The power of the wallet can stop wars
Over time, presidents of both major political parties have gained broad authority to engage in what are often limited U.S. military strikes to achieve strategic national security objectives without congressional approval. The military operations carried out by Democrat Barack Obama in Libya, and the incursions carried out by Republican George H.W. Bush in Panama, took place without the approval of Congress.
Even if Congress can pass a war powers resolution to rein in Trump in Iran, the House and Senate are unlikely to get the two-thirds majority needed to override a presidential veto.
Trump has ignored Congress’s power to dictate what he can and cannot do, on war and other matters. He mentioned Iran only briefly in his State of the Union address last week, treating lawmakers’ support as an afterthought.
The Founding Fathers created a constitutional system in which the president and Congress compete over these issues — but with Congress having one particularly powerful tool, because it controls federal funding, said John Yu, a law professor at the University of California, Berkeley.
“Congress knows how to stop this if it wants to,” said Yu, who helped draft the Bush administration’s use-of-force authorizations in 2001 and 2002. He said the Vietnam War ended as soon as Congress withdrew funding.
But Congress is controlled by a Republican majority that largely shares Trump’s view of concentrating military power against Iran, and recently approved massive new money for the Pentagon, about $175 billion, in the big tax cuts bill he signed into law last year.

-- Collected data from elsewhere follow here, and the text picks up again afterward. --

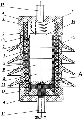 На концах колонки 6 соосно с ней могут быть расположены медные шайбы 16 (фиг.1), служащие для распределения тока по всему сечению варисторного диска 8. В оконцевателях 4 установлены шпильки 17 (фиг.1), которые служат для крепления к ограничителю перенапряжений контактных проводов.
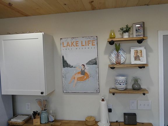 The "Lake Wedowee Tree House" is located on the South end of Lake Wedowee with 147 feet of shoreline with year round water. This cute cabin offers a family room with a vaulted pine ceiling, ship lap walls with an electric fireplace. The cozy kitchen has white cabinets with a cool modern color refrigerator. There are plenty of windows with awesome views of the lake. There is a sleeping loft that over looks the family room. This cabin needs a bathroom installed (CURRENTLY NO BATHROOM ) to enjoy the lake life while you build your lake home. There is a poured concrete basement and foundation ready to build, with a new drilled well and septic system installed. This property has a lot of potential. It is and easy walk to the water with steps and decks leading to the gazebo and stationary dock. This is a great opportunity to build your own lake house. You are located minutes from large open water but protected in a large private cove with very little boat traffic.
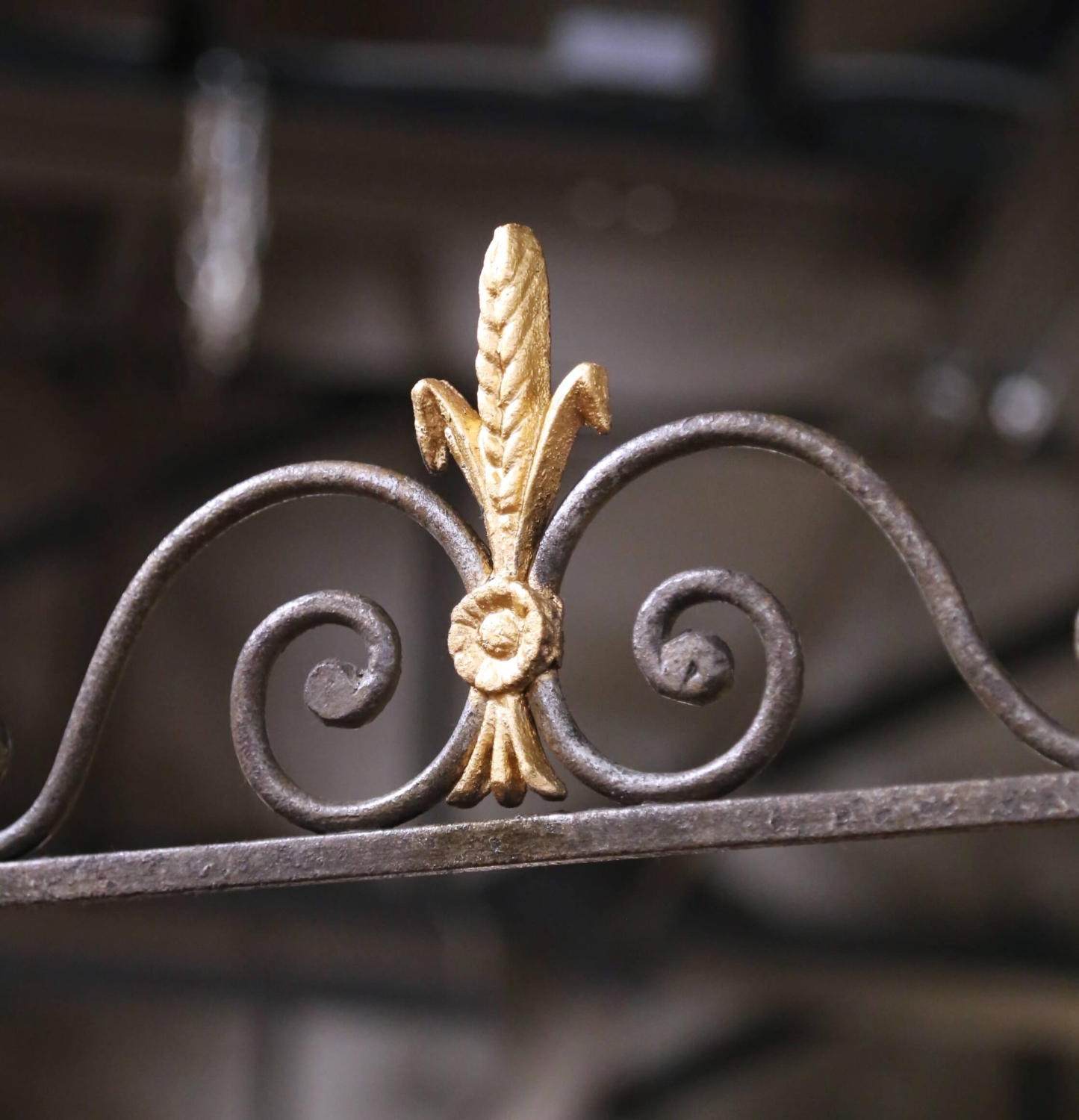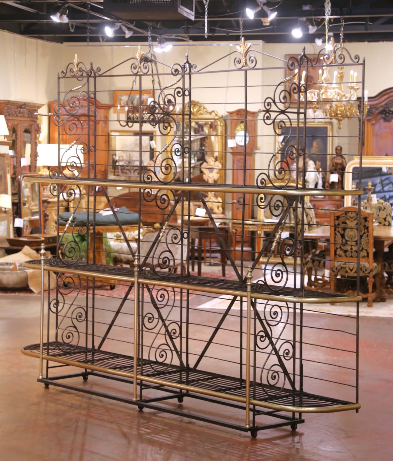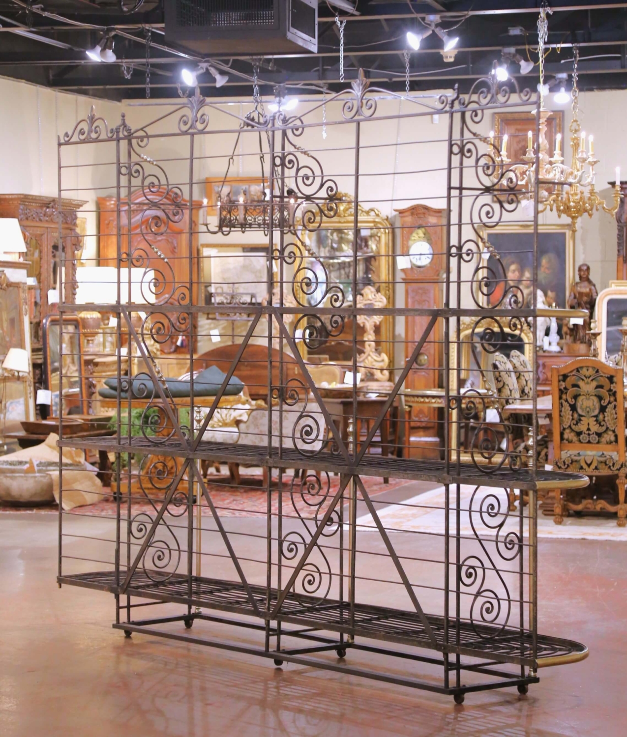 Add grandeur and functionality to your kitchen, dining room, or garden with this monumental antique baker’s rack. Crafted in France circa 1920, the nearly ten foot long étagère is hand-forged from sturdy wrought iron and enriched with decorative brass trim, turned finials, and rounded brass front rails. The frame features a exquisite dark patinated silver finish that highlights the scrolling motifs and lends the piece an elegant, subtly metallic sheen. The structure showcases beautifully formed “S” arabesques, curved end shelves with rounded corners, and cross-braced supports that provide both decorative interest and structural strength. Designed for both beauty and utility, the rack offers multiple tiers of open shelving ideal for displaying pottery, serveware, copper, or greenery. The dark silver patina and warm brass accents create a striking contrast, capturing the refined yet rustic character of early 20th-century French craftsmanship. For added practicality, the piece is set on six original iron caster wheels, allowing the entire unit to move easily for cleaning or rearranging a space. The baker’s rack is in excellent condition commensurate with age and use, and its aged finish enhances its timeless architectural presence. Measures: 118.25″ W x 19″ D x 94.75″ H.
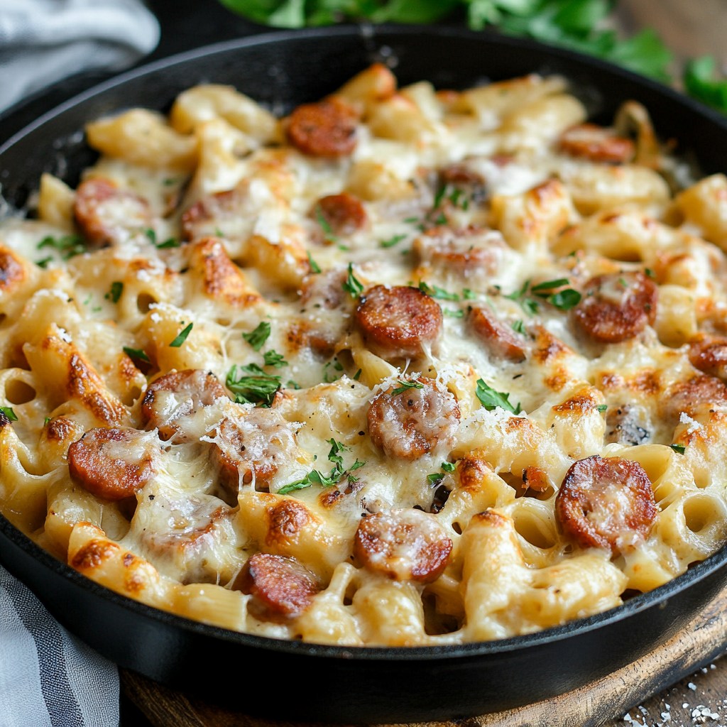 Entre le fondant des pâtes, la richesse de la crème, la touche fumée des saucisses et le goût fondant du fromage… difficile d’y résister

With the president’s Republican party in power in Congress, it is not surprising that they are unlikely to object. “They agree with him,” Yu said.
Debate begins in Congress
Republican Senator Tom Cotton, chairman of the Senate Intelligence Committee, said Trump had already laid out his vision for Iran during his 8-minute video speech over the weekend.
Cotton said Sunday that Americans should expect to see an “expanded air and naval campaign” in the region, which could lead to the pilots being shot down, though he said military personnel would be recovered.
But the Trump administration has not articulated a plan to stabilize the region while Iran appoints a new leader and determines how it will respond to the US attack.
“There’s no simple answer to what happens next,” Cotton said on CBS’ “Face the Nation.”